I should have been happy. Mina’s safety was what I had given myself up for. It was what I wanted.

Almost what I wanted. Because in that desperate, aching, eternal hunger that plagued me even before I awoke in my casket, I had always imagined my future with Mina. Now I couldn’t return home. Not ever. Because if I went back to Mina, I’d be the threat.

I didn’t know if I could resist drawing her to me, pressing my lips to her white neck, devouring her in death like I had never been able to in life.

The Queen had no idea what was happening inside my head. She sipped from her goblet, watching me. “I was going to kill you to send a message, but there is no one left worth sending a message to. Dracula is dead. His brides will wither and waste without him. And no one cares about you.”

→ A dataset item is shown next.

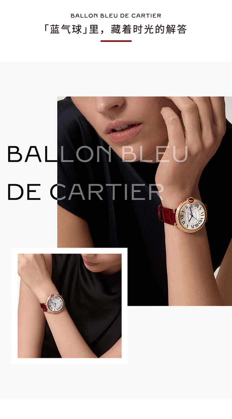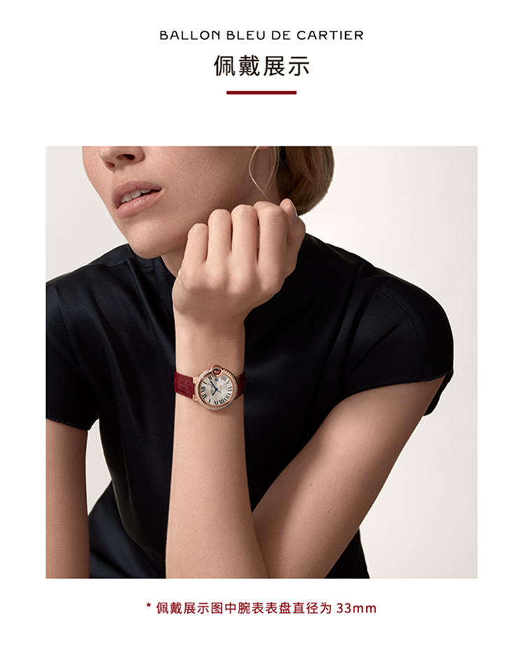 Ballon Bleu de Cartier卡地亚蓝气球腕表,33毫米表款,自动上链机械机芯。750/1000玫瑰金表壳,镶嵌47颗明亮式切割圆钻,总重0.68克拉。凹槽式表冠,镶嵌1颗凸圆形蓝宝石。银色阳光射线纹饰表盘。剑形蓝钢指针。合成蓝宝石水晶镜面。酒红色鳄鱼皮表带,750/1000玫瑰金针扣式表扣。表壳厚度:10.49毫米。生活防水深度3巴(约30米)。

The Queen was right about that. I would drift into the darkness, become one with it, cease being Lucy and exist as the night itself. Eternal and alone.

Or maybe…maybe I could stay here. Exchange a governess for a queen. Pour my desperate need to love and be loved into her. She seemed worthy of it.

The Queen tapped one metal-capped finger against her goblet as a summoning bell. “This land is mine. I am safe, and all the girls in my care are safe, too. No one can harm us. And now that you are here, no one will harm you, either.”

She smiled at last, and that was when I should have known I’d stepped into a trap.